Task instructions — Write out, word for word, each line from the start of the entries through the one holding "對(duì)折型KN95口罩,四層防護(hù),過(guò)濾率95%以上"; omit the pictures.
*** Data to process
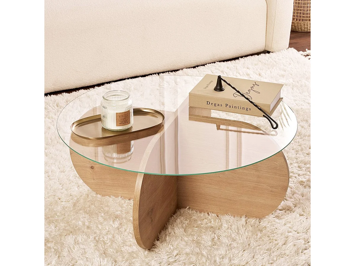 Table basse ronde effet Chêne clair et verre Ø75 cm - Eolia
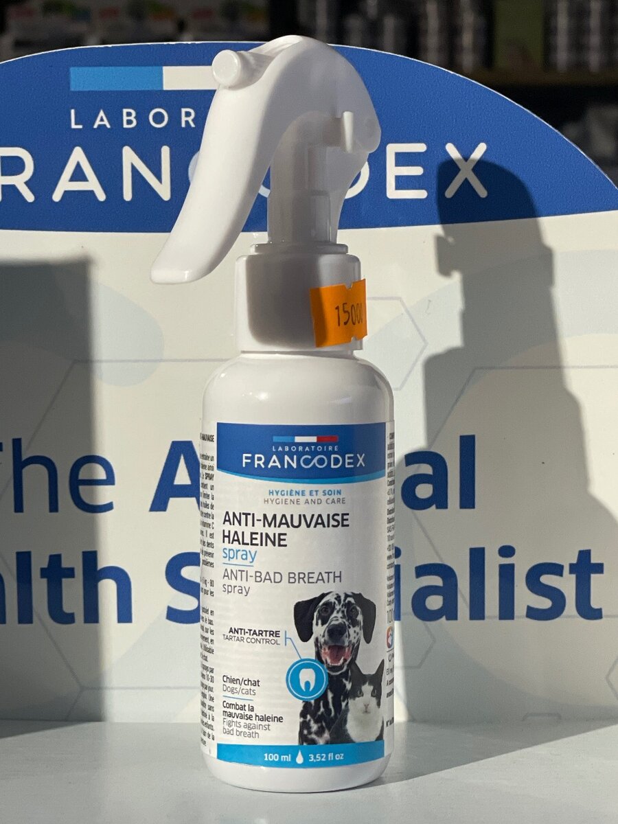 La formation progressive de la plaque dentaire entraîne un dépôt de tartre sur les dents, une mauvaise haleine ainsi quune gingivite qui peut être douloureuse. Le SPRAY ANTI MAUVAISE HALEINE FRANCODEX contient un extrait de grenade et de la vitamine C, pour limiter la formation de plaque dentaire, ainsi que des huiles de graines de persil et menthe poivrée pour lutter contre la mauvaise haleine de votre animal.
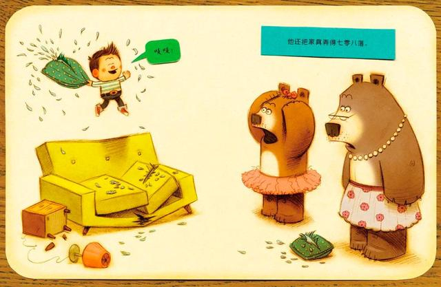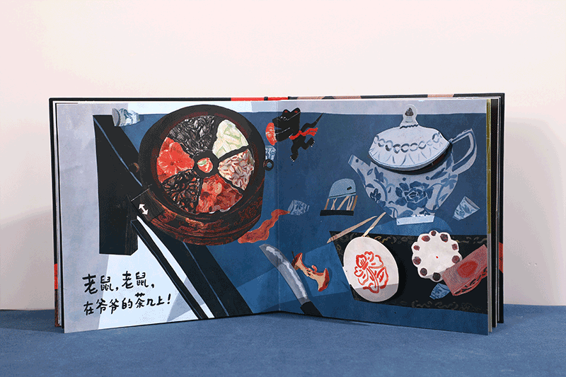 这是一本好玩的立体书,故事很简单,是一个小孩在厨房里看见了民间传说中的“老鼠嫁女”,可是小孩一来,老鼠们都跑得不见了,它们有的跑去爷爷的茶几上,有的跑去爸爸的茶缸里,有的跑去奶奶的毛线里……
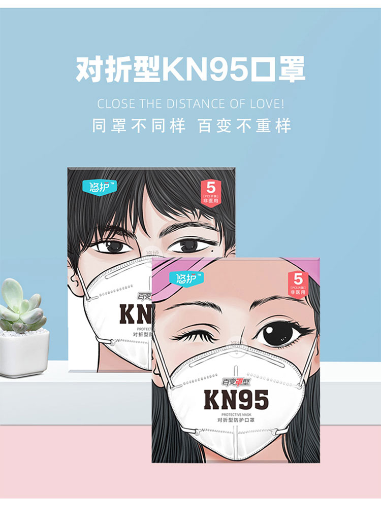 對(duì)折型KN95口罩,四層防護(hù),過(guò)濾率95%以上
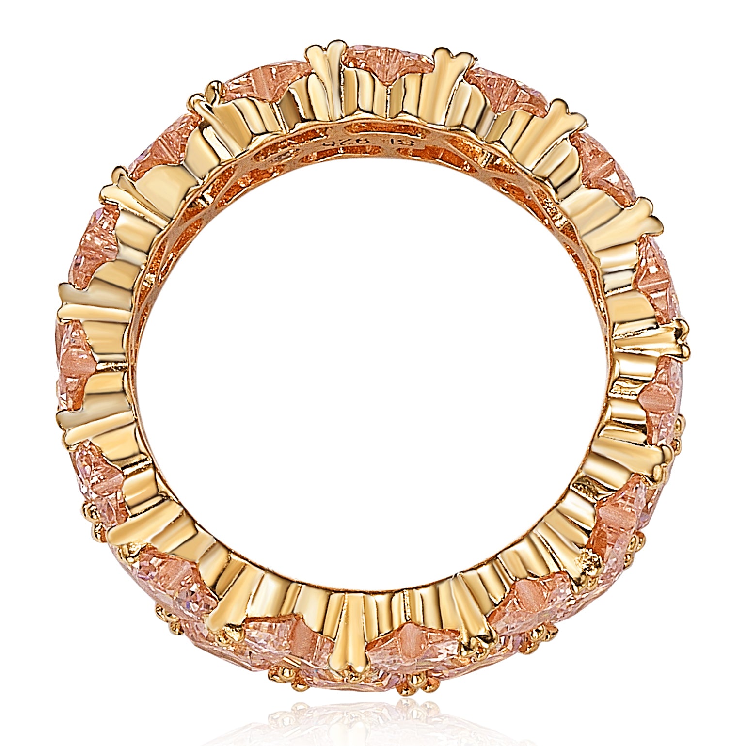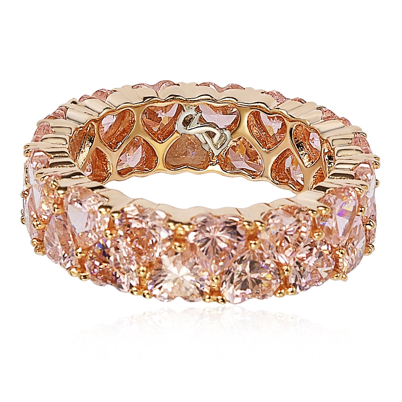 Bring the perfect amount of sparkles on your hand by wearing this beautifully designed, prong-set heart shape cubic zirconia eternity band. Show your eternal love and beauty with this timeless heart shape eternity band, featuring two rows of interlocked heart shape, pink cubic zirconia gemstones, hand set in rosed sterling silver. This ring is designed by Suzy Levian with a message. By creating jewelry that is beautiful inside and out, Suzy Levian's message is revealed through a hidden pink cubic zirconia set on the inside of this ring to empower women to discover their inner strength, power and beauty. Highlighted in sterling silver Suzy Levian's SL logo lays inside the gallery of the ring. 'Together we can inspire the world to appreciate the diamond in ourselves.' - Suzy Levian
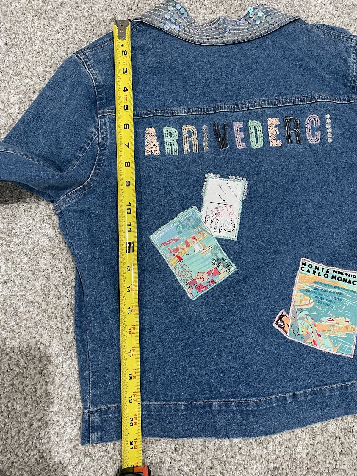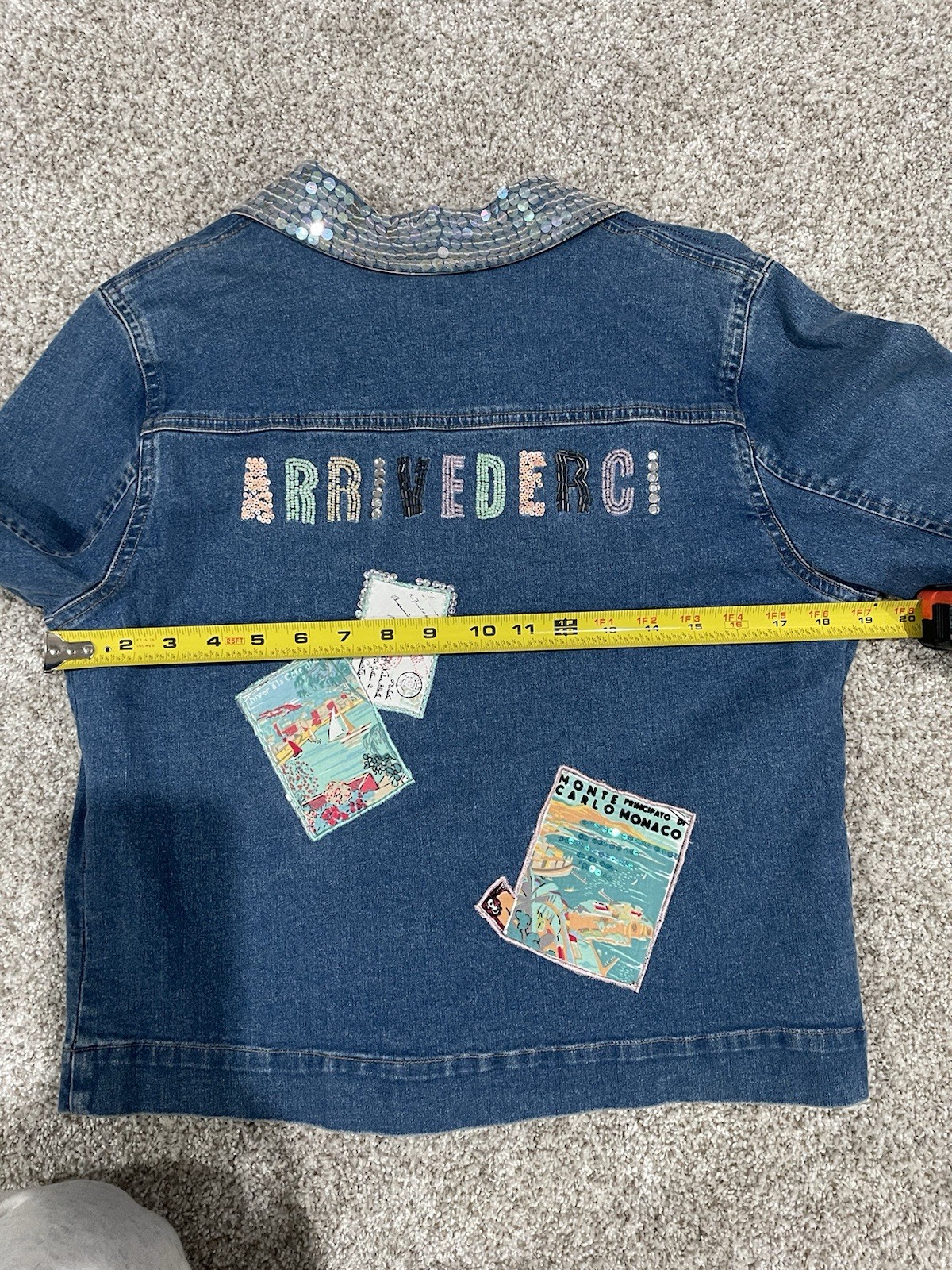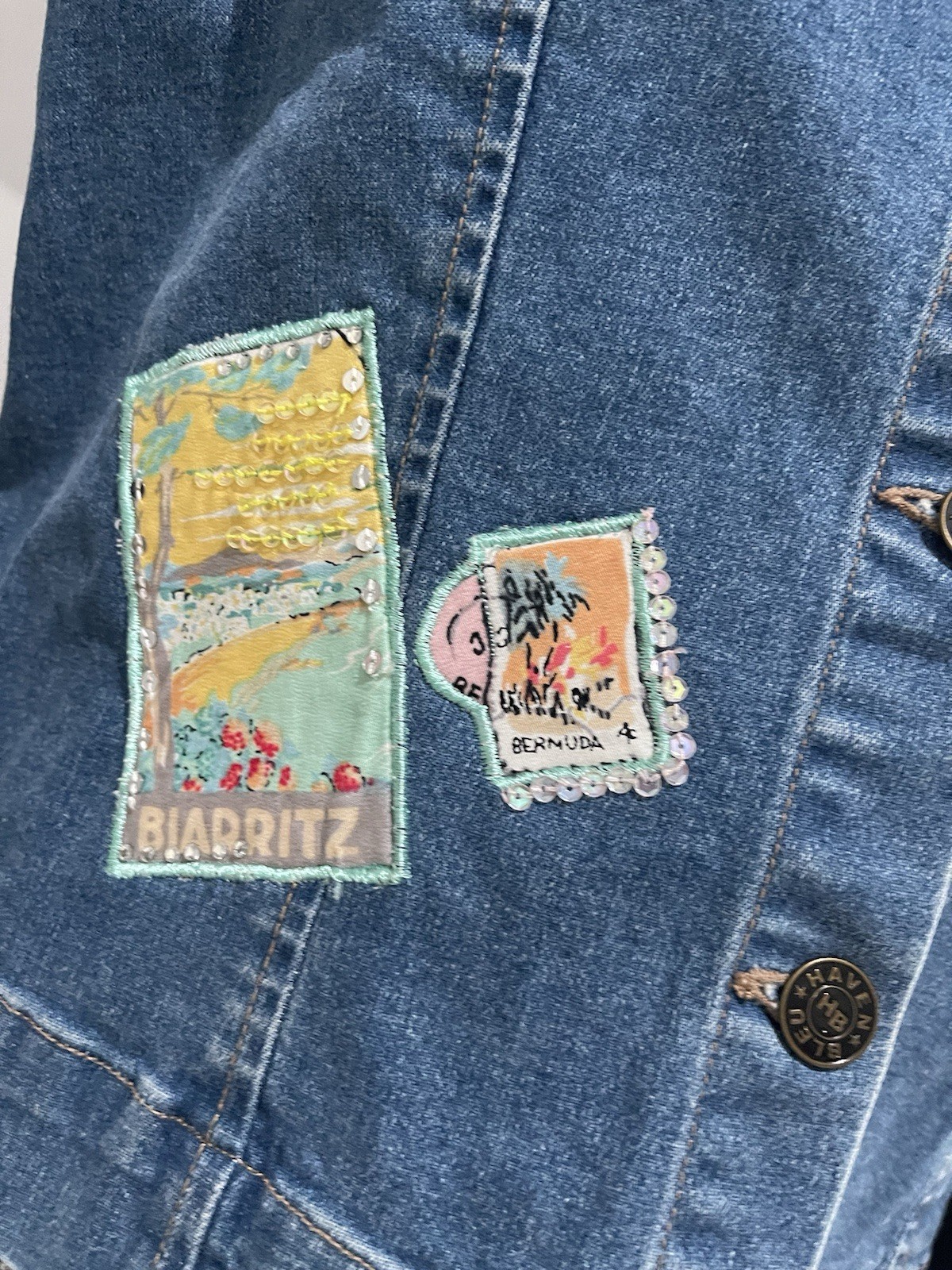 Are you set for your inaugural spring excursion of the new year? Kick-start it impeccably with this fantastic, lightweight upcycled denim jacket, boasting a sequined collar and an assortment of travel-inspired patches, notably the 'Biarritz' emblem. The patches signify ties to sundry travel destinations, with 'Biarritz' referring to a seaside town in France's Basque Country, esteemed for its shores and fashionable standing dating back to the 1800s. Other patches feature postcard-style depictions of diverse locations. Will you become the next owner of this exceptional jacket?
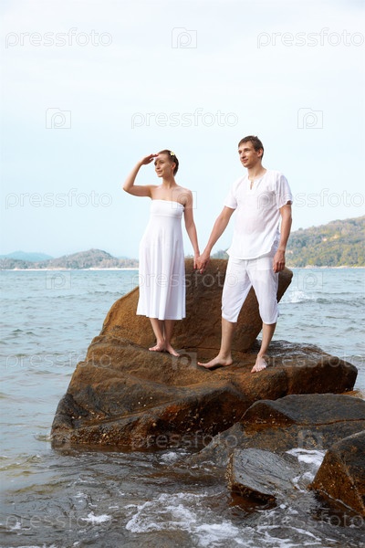 Счастливая пара на камнях на берегу острова Пхукет, Таиланд
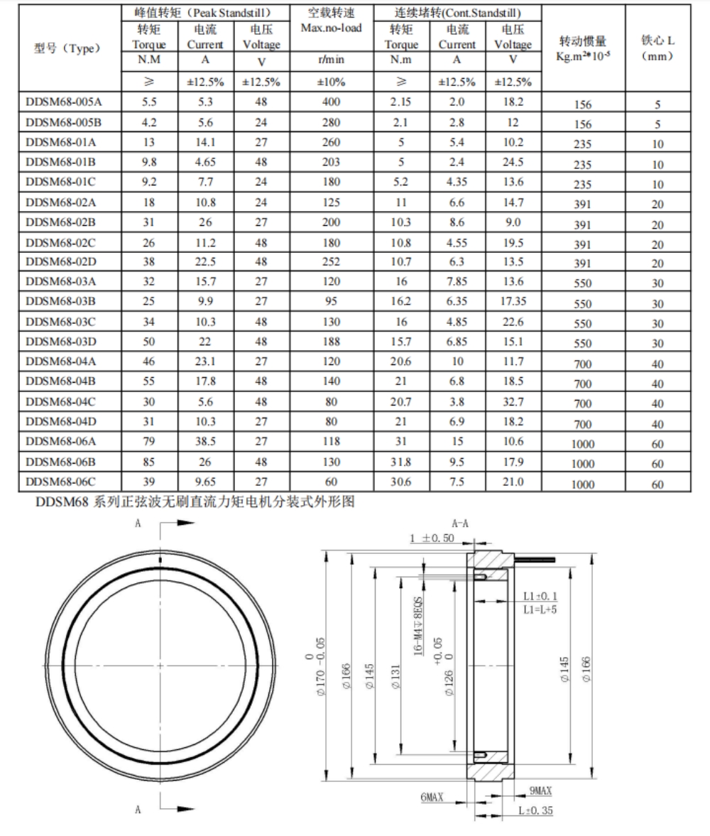 DDSM68系列無刷直流力矩電機
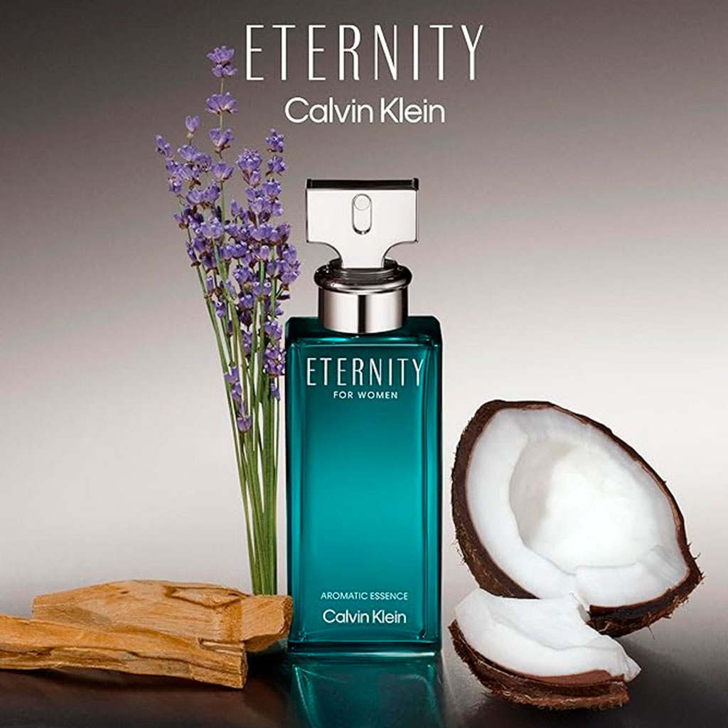 ETERNITY AROMATIC ESSENCE FOR WOMEN apresenta uma fragrância fresca, porém intensa, à família de fragrâncias Calvin Klein. Esta fragrância sensual combina um suave acorde de água de coco com notas herbáceas e florais de lavanda, culminando em um final ousado e sedutor de sândalo cremoso. Moderna. Irresistível. Experimente a essência da Eternidade.
******
The completed task —
 Table basse ronde effet Chêne clair et verre Ø75 cm - Eolia
 La formation progressive de la plaque dentaire entraîne un dépôt de tartre sur les dents, une mauvaise haleine ainsi quune gingivite qui peut être douloureuse. Le SPRAY ANTI MAUVAISE HALEINE FRANCODEX contient un extrait de grenade et de la vitamine C, pour limiter la formation de plaque dentaire, ainsi que des huiles de graines de persil et menthe poivrée pour lutter contre la mauvaise haleine de votre animal.
 这是一本好玩的立体书,故事很简单,是一个小孩在厨房里看见了民间传说中的“老鼠嫁女”,可是小孩一来,老鼠们都跑得不见了,它们有的跑去爷爷的茶几上,有的跑去爸爸的茶缸里,有的跑去奶奶的毛线里……
 對(duì)折型KN95口罩,四層防護(hù),過(guò)濾率95%以上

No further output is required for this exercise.